▸ **What is being asked**:
From the line with "야외 캠핑 등산 따뜻한" to the end of the data below, restate each line word for word, both ends included, without the pictures.

▸ **Collected data**:
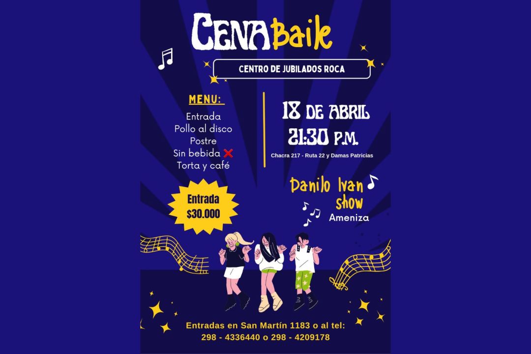 El centro de jubilados pensionados «General Roca» realizará una cena-baile el sábado 18 de abril para recaudar fondos. El evento iniciará a las 21:30 y contará con servicio de buffet, postre, baile y música en vivo.
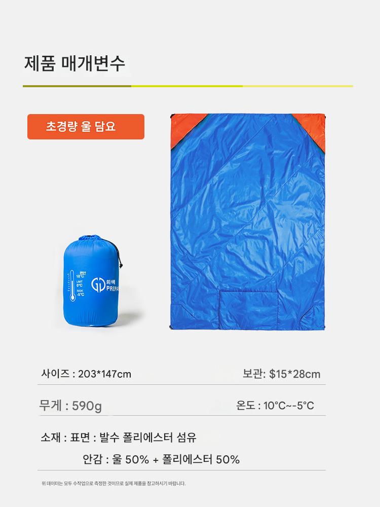 야외 캠핑 등산 따뜻한 울 담요 초경량 휴대용 침낭 숄 여행용 담요 안티 킥 담요
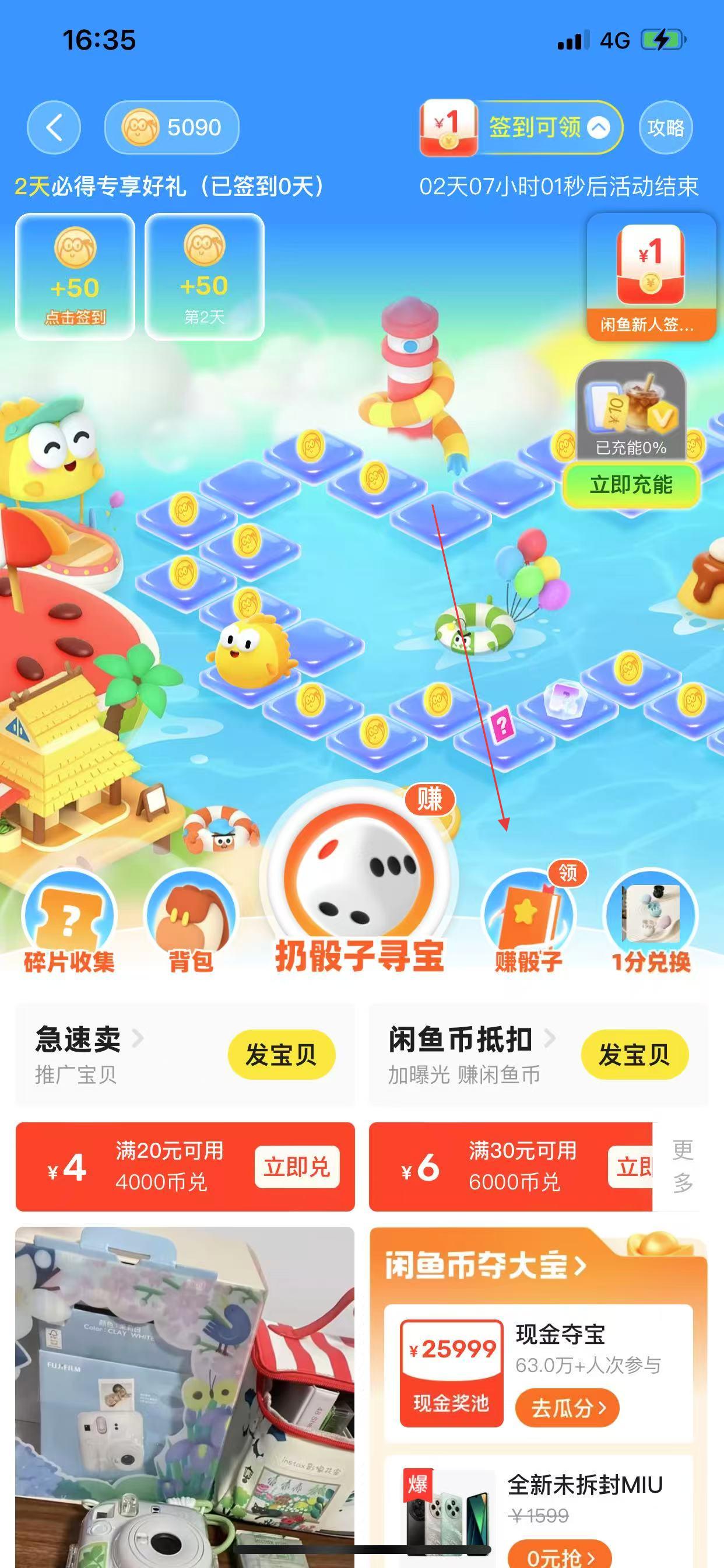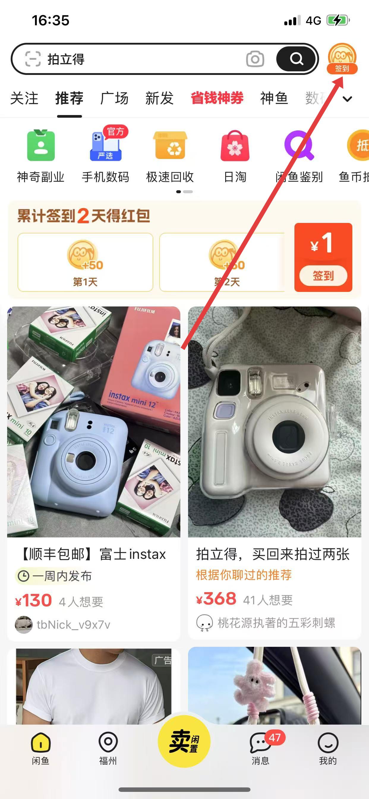 1、打開閑魚APP,點(diǎn)擊首頁(yè)右上角帶有簽到字樣的圖標(biāo),進(jìn)入閑魚幣活動(dòng)頁(yè)面。

▸ **Response**:
 야외 캠핑 등산 따뜻한 울 담요 초경량 휴대용 침낭 숄 여행용 담요 안티 킥 담요
 1、打開閑魚APP,點(diǎn)擊首頁(yè)右上角帶有簽到字樣的圖標(biāo),進(jìn)入閑魚幣活動(dòng)頁(yè)面。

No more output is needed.